As most Delphi applications will deal with databases, the third part of this book talks about database programming. This part mainly focuses on relational databases and in more details on Local Interbase Server and Interbase programming. That is, the other database programming chapters (Fields and database tools and Flat-file real-world databases) are only available on the CD-ROM. It's a bit disappointing that not all the chapters mentioned in the index, are in the book itself.
Although the first three parts are interesting, practical and useful, the reason why this book should be on your desk in the first place, is because of the topics in the next parts of this book. Especially when you are interested in COM, creating distributed applications using DCOM or CORBA, internet programming, or game programming, this book is really unique and absolutely a must.
Part IV starts with a very clear and comprehensive explanation of interfaces and the basics of COM. After that, topics like COM Automation servers and clients, automating Word, Excel and extending the capabilities of Internet Explorer 4 are discussed and illustrated with good and practical examples. An excellent chapter, written by Bob Swart, will teach you how to get the very best out of your CGI and ISAPI programs using the Delphi 4 Webbroker technology.

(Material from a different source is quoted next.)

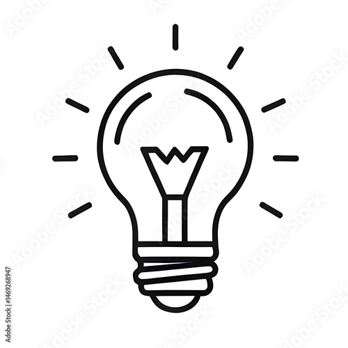 light bulb icon, black outline, isolated white background, new idea, breakthrough, innovation, inspiration

By the way, have you ever seen Java, Delphi and C++ programs work together as close friends? Well, this is exactly what is shown in the Distributed Programming Part. It shows how Delphi can be used to write distributed applications using CORBA and DCOM, not skipping the tiny little details like for instance the configuration aspects of Windows '95 and Windows 98.
The title of the last part is called Game Programming, but actually more than only game programming is covered. For example, the chapter about VCL Graphic classes, written by Jeff Cottingham, is very useful when writing components that need to show some graphics on the screen. For those of you who like to experiment with DirectX and DirectSound, this part is a good resource for doing so. Beware that the DirectX examples need the file vcl35.bpl which is not available on the CD-ROM. Clearly, these examples use components that have been written in C++ Builder 3 which you may not have installed on your machine. So, if you want to run these examples, you should first get this file. It is possible, but certainly not recommended, to copy your vcl40.bpl to vcl35.bpl in order to run the example programs.
Summarized, Delphi 4 Unleashed is a book that is very pleasant to read. Actually, it's even difficult to stop reading it. It covers a lot of intermediate and advanced topics that will help to get the best out of Delphi 4 and will certainly open up new horizons.